Friday, October 7, 2011

A Brief History on Halloween

The word Halloween is first documented in the 16th century and represents a Scottish variation of  All Hallows Even ("evening"), which means that it represents the night before All Hallows Day. Although the phrase All Hallows is found in Old English, the term All Hallows Even, was not used until 1556. Today we use the term, All Hallows Eve.

The symbols we currently associate with Halloween developed over time.  The carving of jack-o'-lanterns came from the custom of carving turnips into lanterns as a way of remembering the departed souls thought to be held in purgatory.  The turnip has traditionally been used in Ireland and Scotland at Halloween. It was immigrants to North  America that used the pumpkin due to it being readily available and much larger in size. Our American tradition of carving pumpkins dates back to 1837 and was originally associated with harvest time in general. It became widely associated with Halloween in the mid-to-late 19th century.

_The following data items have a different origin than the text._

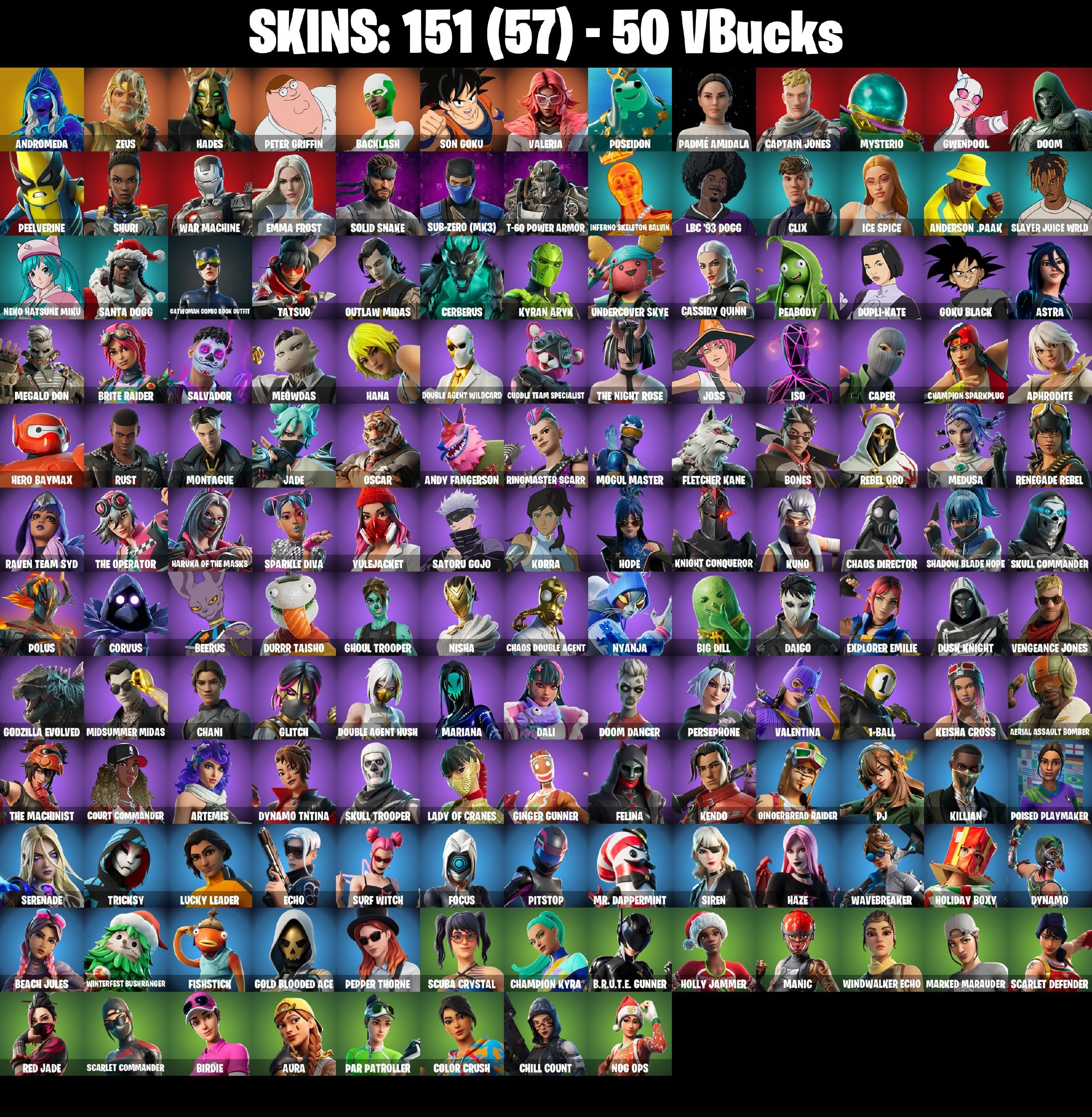 [PC/PSN/XBOX] 151 skins | original mail you can change | Andromeda | Zeus | Hades | Peter Griffin | Backlash | Son Goku | Valeria | Poseidon | Padmé Amidala | Captain Jones | Mysterio | 50 VB
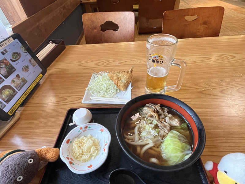 鯵三昧定食狙って来たのに、なかった。だから、鯵フライ注文。🍺はLINEのクーポンでゲット!
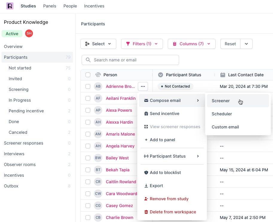 A person's Participant Status (shown in people tables within Studies) begins as "Not Contacted". Sending Study invite emails (such as the screener, survey, scheduler, unmoderated test, or incentive emails set up during Study creation) will automatically update their Participant Status, whereas inviting Participants to a Study with custom emails will not affect their Participant Status or Contact Status.
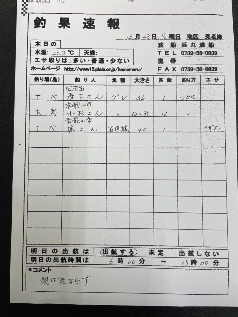 3/31 すさみ町見老津・浜丸渡船さん釣果 2026 3/23 釣果情報 【渡船釣果】すさみエリア 2026年3月23日 釣果情報 【渡船釣果】すさみエリア よかったらシェアしてね! URLをコピーしました! URLをコピーしました! 3/22串本町田子・双島マリンクラブ渡船さん釣果 3/23 すさみ町見老津・林渡船さん釣果 この記事を書いた人 tsuttarou 関連記事 3/25 すさみ町見老津・浜丸渡船さん釣果 2026年3月25日 3/24すさみ町江須崎・酒井渡船さん釣果 2026年3月24日 3/24すさみ町江須崎・橋本渡船さん釣果 2026年3月24日 3/24すさみ町見老津・浜丸渡船さん釣果 2026年3月24日 3/24すさみ町見老津・林渡船さん釣果 2026年3月24日 3/23 田辺・黒田渡船さんの釣果 2026年3月23日 3/23 白浜町市江 吉丸渡船さん釣果 2026年3月23日 3/23 みなべ町 うえひら渡船さん釣果 2026年3月23日

Disguising yourself and dressing in costume going from door to door for food or coins is a traditional Halloween custom dating back as early as 1895. In Scotland and Ireland, the practice was known as "Guising", children disguised in costumes carrying lanterns made out of scooped out turnips. They visited homes to be rewarded with cakes, fruit and money. “Guising at Halloween did not come to North America until 1911. 

Trick-or-treating is a customary celebration for children on Halloween. Why do we say "Trick or treat?" The word "trick" referred to a (mostly idle) "threat" to perform mischief on the homeowners or their property if no treat is given. Still today, in some parts of Scotland, it is customary for children that go “guising” to perform some sort of trick, sing songs, or tell a ghost story to earn their treats.

There's so much more to the story then we have shared here. If you wish to learn more please visit this website

Did you know that one quarter of all candy sold in the United States is sold at Halloween?

The first mass-produced Halloween costumes appeared in stores in the 1930s when trick-or-treating was becoming popular in the United States.